McClellan Legal LLC Estate Planning & Tax Assessment Blog

Tuesday, January 27, 2015

Trusts for Minor Children (Article 2 of 8)

It is a common myth that minors cannot inherit property.  Minor children may inherit equitable title in property but cannot hold legal title until they reach the age of majority (21 years old in Pennsylvania).  Equitable title simply means that the assets must be used for the benefit of the child.  Legal title is directed to how the assets are managed.   Since a minor cannot hold legal title, a custodian or trustee will manage the assets for the child’s benefit.

There are two primary ways to manage inherited assets for minor children:

  • Uniform Transfers to Minors Act (UTMA)

  • Child’s Trust

Uniform Transfer to Minors Act

If a parent with minor children passes away without a Child’s Trust set up in an estate plan (either in a Will-Based Plan or a Revocable Living Trust-Based Plan), then the minor child could alternatively inherit the assets via the Uniform Transfers to Minors Act (UTMA).  UTMA was adopted by many states (including Pennsylvania) and is intended to be an efficient way to transfer assets to minors without the use of trusts.  Generally, a UTMA custodian has wide discretion to use the assets for the benefit of the child and must transfer legal title to the child when the child reaches 21 (could be delayed until 25 in Pennsylvania).  While transfer to minors via UTMA is intended to be simple, it does not include sufficient flexibility to allow a parent to customize the terms of the child’s withdrawal rights or define the custodian’s discretionary terms for managing the assets. 

Child’s Trust

As a more flexible alternative to transferring an inheritance to a minor child than using the UTMA, parents often draft Child Trusts in their Will or Revocable Living Trust.  Using a Child Trust allows for highly customizable withdrawal rights, including tiered withdrawals.  In lieu of the UTMA’s automatic withdrawal right by the child at 21, many people prefer to gradually grant their children withdrawal rights as they mature.  Holding inherited assets in a Child Trust is meant to protect the assets from creditors, failed marriages, and the child’s own financial maturity. 

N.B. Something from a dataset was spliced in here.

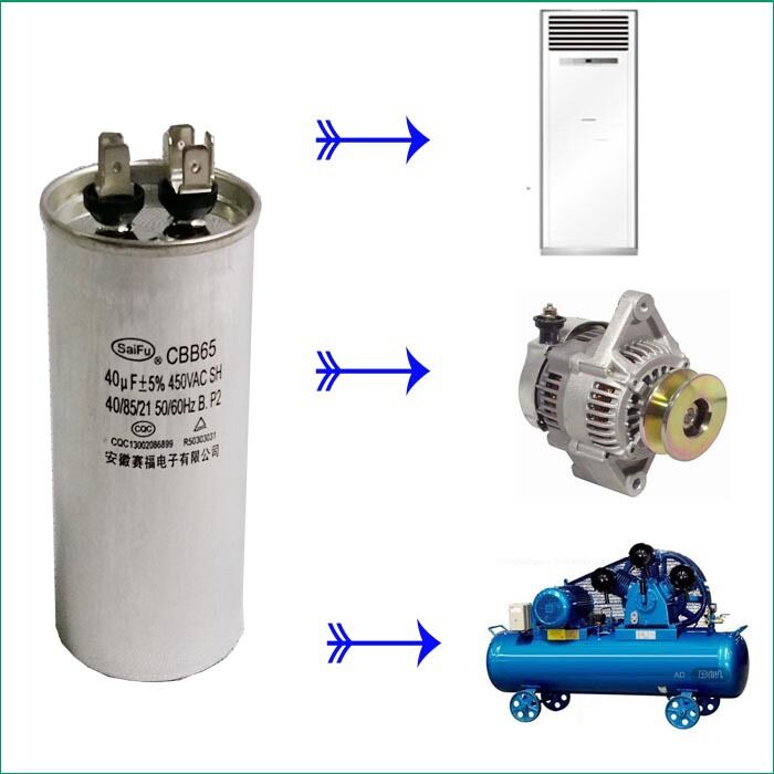 CBB65电容器学术上叫做金属化聚丙烯膜交流电机电容器,从中,我们也可以看出它的部分主要用途。

A reasonable indicator of financial maturity is the child’s age.  For example, it is common for parents to set up tiered withdrawal rights for their children as follows: one-third of the assets at 25 years old, one-third at 30, and the remaining balance at 35.  Since age alone is not always a good indicator of maturity, the trustee may be instructed via the Child Trust to delay or fast-forward the tiered withdrawal rights dependent on other factors (e.g., recent history of drug/alcohol abuse, credit history, mental/medical conditions, marriage issues, continued higher education, etc.), which may serve as a better indicator of the child’s financial maturity.  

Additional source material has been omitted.